Se a Prodabel tevesse usando uma solução própria e prorietária (do Poder Público!?), não seria tão ruim do que um acordo que ignora a existência de uma grande uma empresa de software, com folha de pagamento, sede, conhecimento acumulado. A solução poderia até ser contratada fora, mas a Prodabel já tem uma esturura para manutenção de sistemas.

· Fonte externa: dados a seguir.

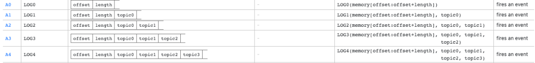 最后就是 LOG 操作码。它们从不包含 topic 时的 LOG0 到包含 4 个 topics 时的 LOG4。LOG3 是我们示例中使用的内容。包含如下: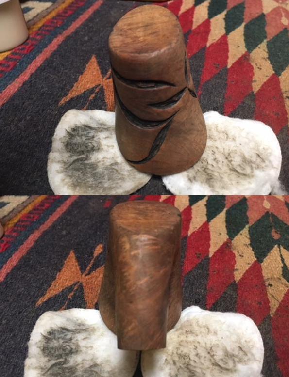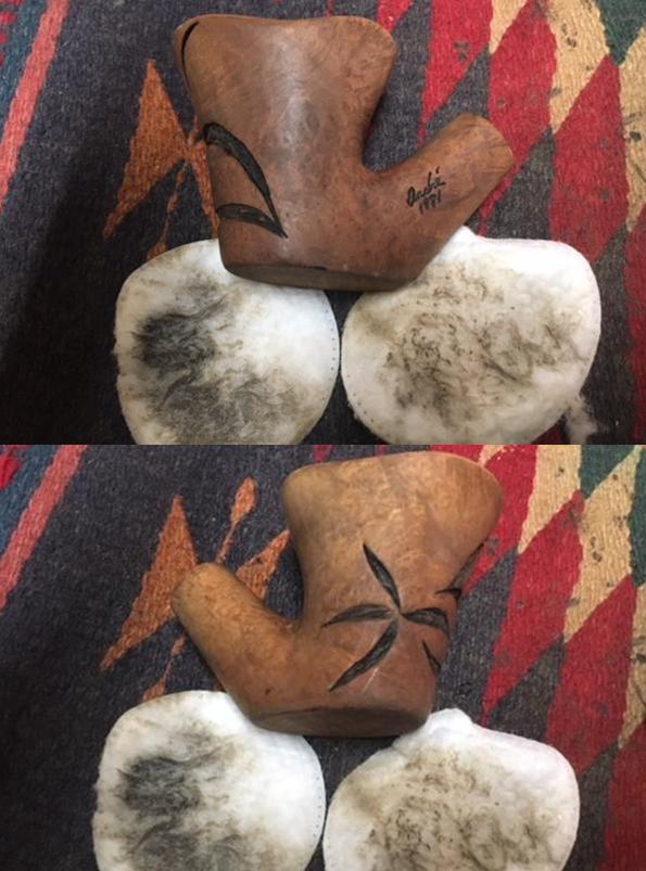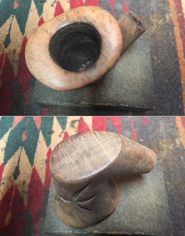 I wiped down the bowl and rim with acetone on a cotton pad to remove the remnants of stain in the bend of the shank/bowl junction and the grime ground into the finish. I was careful around the carved leaves or flower petals around the bowl and the stamping on the shank. Both seemed to have a darker stain in the grooves and I wanted to leave that undamaged.
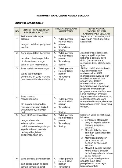 Berikut contoh soal instrumen 1a disebut "respon terhadap situasi a "untuk calon kepala sekolah sd. (omat tong percaya ka konci jawaban). Semua itu tergantung dari materi pelajarannya. Seleksi substansi bakal calon kepala sekolah (bcks) kota surabaya moda daring. Dilaksanakan dalam 2 tahap yaitu seleksi tertulis dan wawancara.
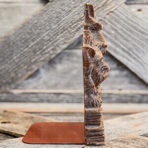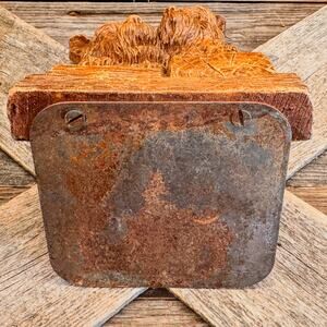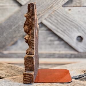 Condition: Beautiful vintage condition from the front view of piece. The back of bookend does show some wear, and this can be seen in photos. The bottom of Metal piece on Bottom also has some rust which can be seen in photos.

Em 07/06/2009 às 19:39 horas, psl-brasil@listas.softwarelivre.org escreveu:
On Sun, 2009-06-07 at 19:20 -0300, Omar Kaminski wrote:
> Refrescando a memória:
>
> http://www.procergs.com.br/noticias.php?cod=1071267321&tab=1&op=1

Bem lembrado. O caso do Direto foi uma coisa bem vergonhosa =/. Até
pior, de certa forma, porque a gente sempre ouvia dizer que era GPL.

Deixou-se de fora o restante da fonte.